Der Hof gehörte früher zur Ökonomie des Klosters Waldsassen. Seit einigen Jahren züchtet dort die Familie Frank Strauße. Deren gesundes Fleisch kannte schon die heilige Hildegard von Bingen. Der Hofbesitzer erzählte den Gästen Wissenswertes über Leben und Verhalten der bis zu 150 Kilogramm schweren Vögel. Zu bewundern waren ebenso Straußenküken. Sie suchten neugierig den Kontakt zu den KAB-Mitgliedern.
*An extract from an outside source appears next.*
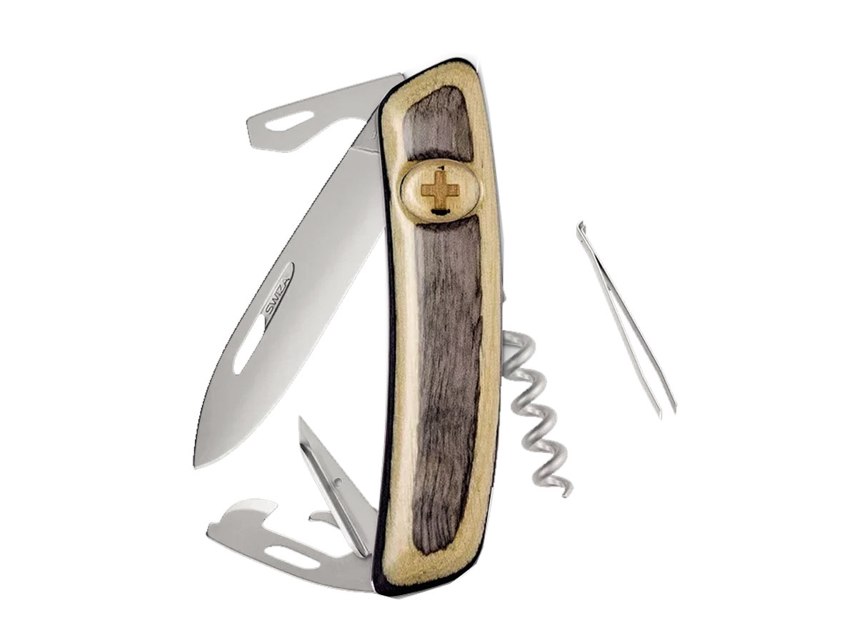 Navaja con la hoja es de acero inoxidable 440 con una dureza de 57 HRC. Se esconde dentro de un mango de 95 mm con cachas de madela laminada blanca. Las cachas garantizan un agarre cómodo. La hoja del cuchillo se desliza fácilmente hacia fuera. Luego se oculta al liberar el seguro. Basta con pulsar el logotipo de Swiza.

Wie die Reisegruppe von Matthias Frank erfuhr, ist deren Aufzucht eine komplizierte Angelegenheit, die umfangreiches Wissen erfordert. Diese Vögel können umfassend verwertet werden. So wird nicht nur deren Fleisch geschätzt. Die Haut wird zu Leder gegerbt, die Federn zu Staubwedeln gebunden. Die Schalen der großen Eier lassen sich zu Schmuckstücke verarbeiten. Berta Frank stellte ihre sanftmütigen Alpakas und Lamas vor. Die Kinder begannen sofort, die zutraulichen Tiere zu füttern. Anschließend erklärte die Schwester des Hofbesitzers die Verarbeitung von Alpakawolle sowie die Herstellung von Seifen aus Straußenfett.

Während die Mädchen und Buben die Minipferde streichelten und den Straußenküken zusahen, stärkten sich die Eltern bei Kaffee und Kuchen im Hofcafé oder verkosteten die hausgemachte Straußenleberwurst.